Secondly, economic circumstances have changed drastically, and the era of cheap money is over. GeekWire calls it “the great startup reset” – a “systematic repricing of capital and risk” at a time of high inflation and rising interest rates. Simply put, things ain’t what they used to be worth even a few months ago, and quick commerce will no longer be an easy way to make a fast buck. Investors will be looking more scrupulously as to whether a company makes commercial sense. And for many of the q-commerce businesses, the model right now is growth over profit as they scramble for market share.

Thirdly, authorities are starting to regulate advertising extraordinary delivery times. In New York City, a bill has been proposed to stop companies promoting 15-minute delivery, because it could encourage “drivers on e-bikes and scooters to move fast and break things”.

Still, when the dust settles, there is no doubt that a few q-commerce platforms will be here to stay – most probably global operators, the Ubers of the q-comm world. Customers love fast delivery services, and their expectations keep increasing. As McKinsey reported, 30% of consumers expect goods to arrive same-day and they are no doubt delighted when delivery “soon” shortens to delivery “now”. That just closes the gap between the instant availability of goods in physical retail (supply chain permitting) and the convenience of online.

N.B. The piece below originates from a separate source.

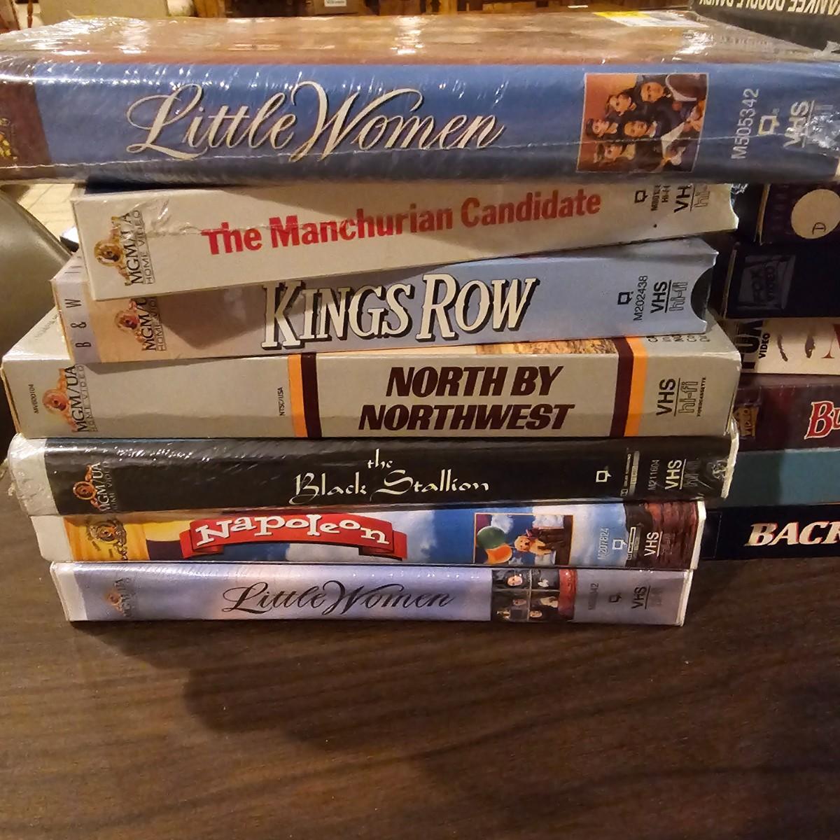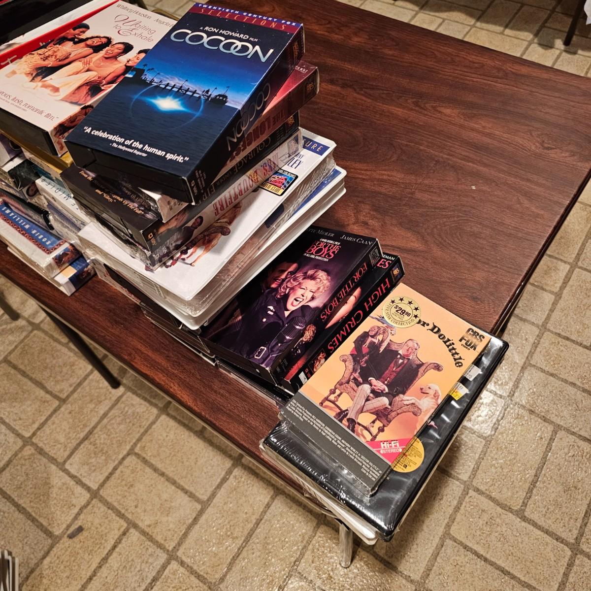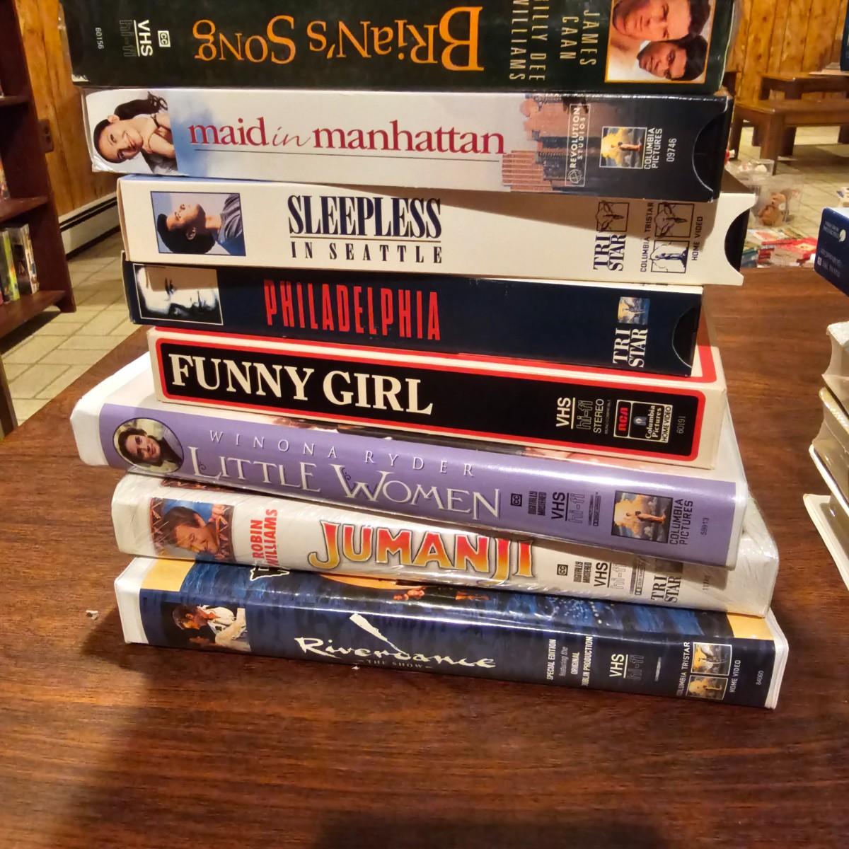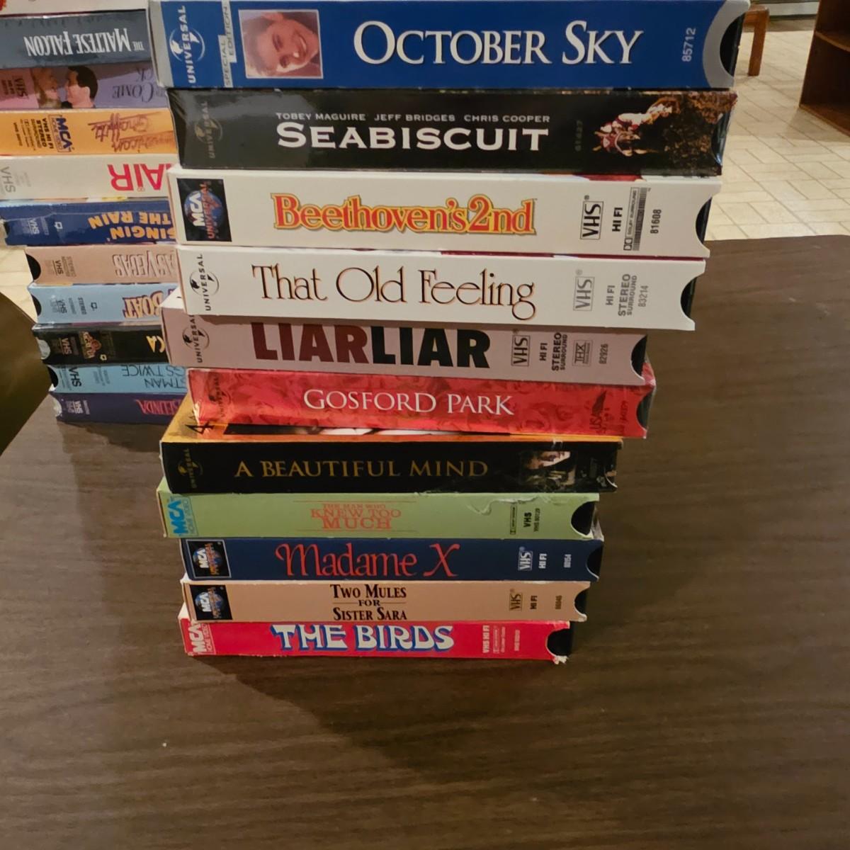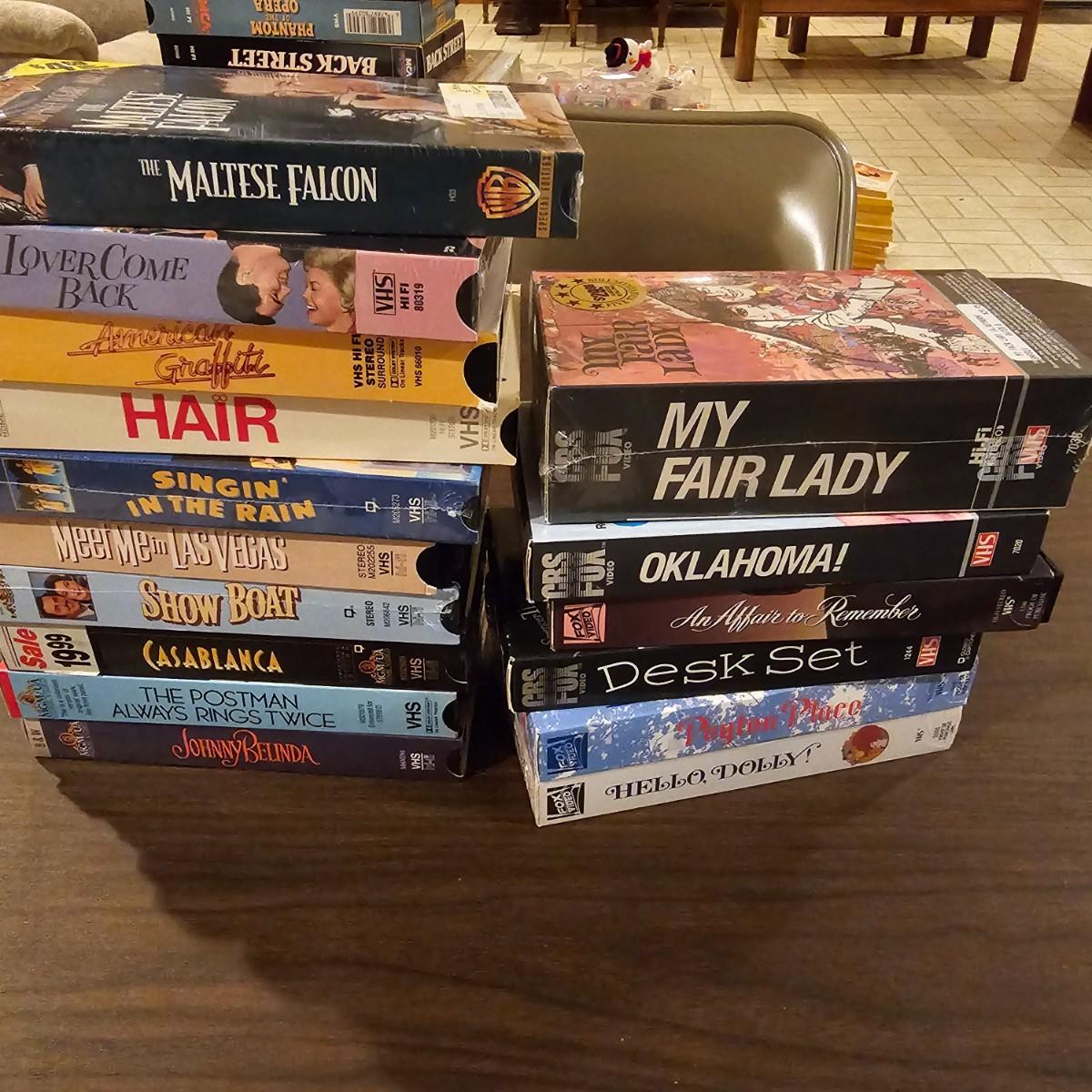 Videos, videos, videos! Over 375 VHS tapes, some still new in package. Westerns, comedy, suspense, holiday, classics and more. Many tapes are in original packages. Twelve boxes of fun and enjoyment for all. See photos for details. Local pickup only.

Which businesses survive and what constitutes an acceptable delivery window (for both customer and company) will be fascinating. Famously, a customer in India tweeted last December that he received his order in 2.5 minutes. Technology like robots and drones will help the economics of q-commerce. And broadening the offer into, for instance, private label and health and beauty will assist margins (as the descriptively named Californian company FastAF has done). New sub-categories will also emerge, as has happened with, for instance, New York City-based “meds made easy” service, Capsule.

As the q-commerce world spins ever faster, watch this space.